* Problem requirements:
What you write must match, character for character, the lines from the one with "T-SHIRT COL V MOTIF LOVE JOY HOPE" down to the one with "表記の通り、フォークレイク(フォークオフセット)は53mmと安定感重視。" in the listing below, minus its pictures.
=== Data for this task ===
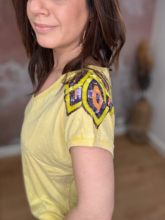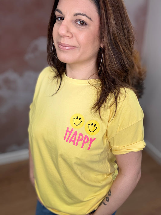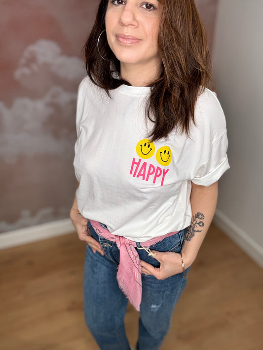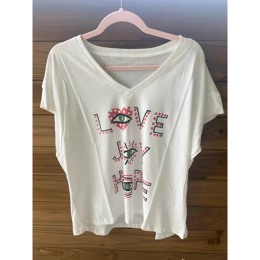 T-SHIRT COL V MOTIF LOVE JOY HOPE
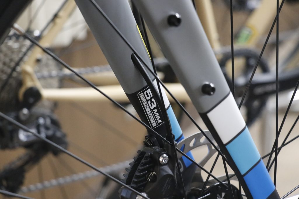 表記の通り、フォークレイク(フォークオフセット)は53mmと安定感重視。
===
=== Data for this task ===
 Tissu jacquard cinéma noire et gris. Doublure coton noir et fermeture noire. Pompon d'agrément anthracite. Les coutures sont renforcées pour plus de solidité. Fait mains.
===
* Answer to this problem:
 T-SHIRT COL V MOTIF LOVE JOY HOPE
 表記の通り、フォークレイク(フォークオフセット)は53mmと安定感重視。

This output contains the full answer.